▸ Work item
Please return the data that follows precisely as written, but without the images.

▸ Given information
^^^^^^^^^^^^^^^^

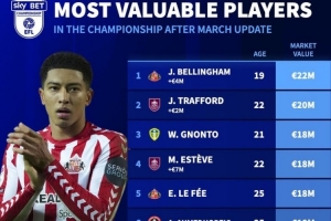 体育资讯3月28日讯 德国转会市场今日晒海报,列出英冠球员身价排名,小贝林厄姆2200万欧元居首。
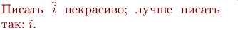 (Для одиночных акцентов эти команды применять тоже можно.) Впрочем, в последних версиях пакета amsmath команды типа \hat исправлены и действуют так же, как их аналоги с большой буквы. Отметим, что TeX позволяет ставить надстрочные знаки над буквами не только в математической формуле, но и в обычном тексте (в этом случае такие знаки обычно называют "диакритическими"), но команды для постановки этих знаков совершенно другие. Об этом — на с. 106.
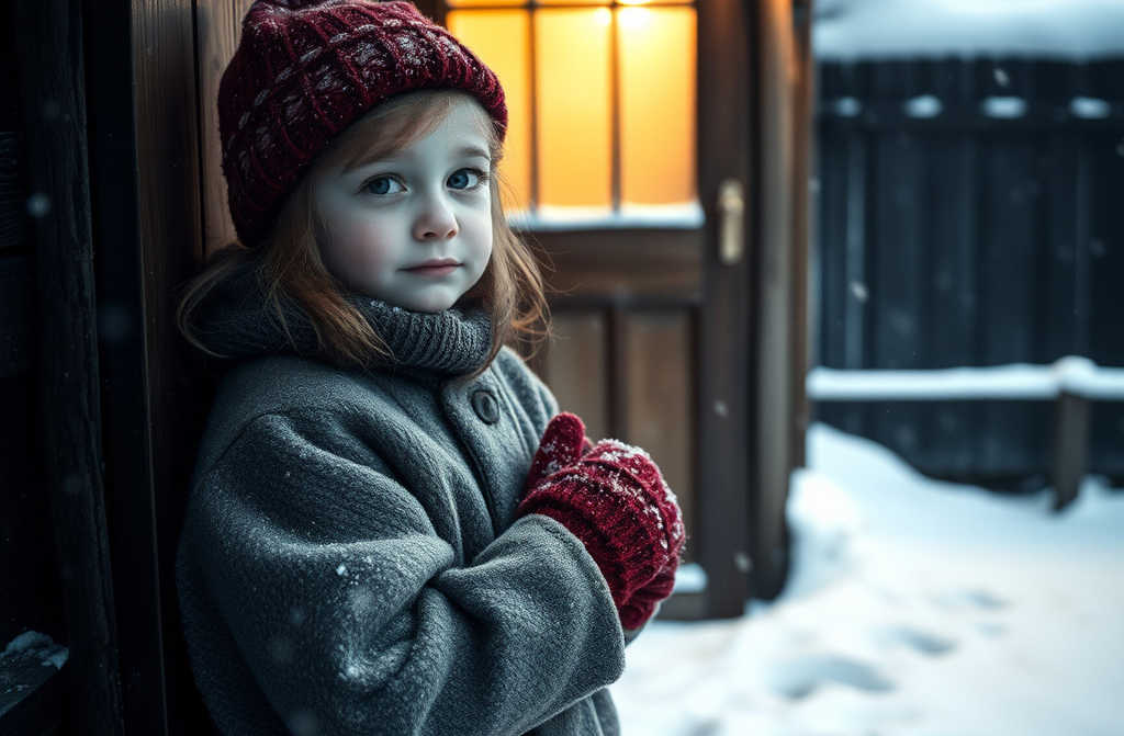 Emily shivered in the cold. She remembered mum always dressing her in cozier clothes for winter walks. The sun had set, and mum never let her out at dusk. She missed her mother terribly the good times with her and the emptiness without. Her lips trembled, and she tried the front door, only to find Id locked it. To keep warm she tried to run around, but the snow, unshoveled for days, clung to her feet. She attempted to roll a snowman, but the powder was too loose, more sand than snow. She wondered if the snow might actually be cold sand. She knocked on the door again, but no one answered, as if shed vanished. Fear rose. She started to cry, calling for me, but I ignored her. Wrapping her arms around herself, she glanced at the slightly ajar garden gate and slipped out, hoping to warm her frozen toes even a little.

^^^^^^^^^^^^^^^^

▸ Completed task
 体育资讯3月28日讯 德国转会市场今日晒海报,列出英冠球员身价排名,小贝林厄姆2200万欧元居首。
 (Для одиночных акцентов эти команды применять тоже можно.) Впрочем, в последних версиях пакета amsmath команды типа \hat исправлены и действуют так же, как их аналоги с большой буквы. Отметим, что TeX позволяет ставить надстрочные знаки над буквами не только в математической формуле, но и в обычном тексте (в этом случае такие знаки обычно называют "диакритическими"), но команды для постановки этих знаков совершенно другие. Об этом — на с. 106.
 Emily shivered in the cold. She remembered mum always dressing her in cozier clothes for winter walks. The sun had set, and mum never let her out at dusk. She missed her mother terribly the good times with her and the emptiness without. Her lips trembled, and she tried the front door, only to find Id locked it. To keep warm she tried to run around, but the snow, unshoveled for days, clung to her feet. She attempted to roll a snowman, but the powder was too loose, more sand than snow. She wondered if the snow might actually be cold sand. She knocked on the door again, but no one answered, as if shed vanished. Fear rose. She started to cry, calling for me, but I ignored her. Wrapping her arms around herself, she glanced at the slightly ajar garden gate and slipped out, hoping to warm her frozen toes even a little.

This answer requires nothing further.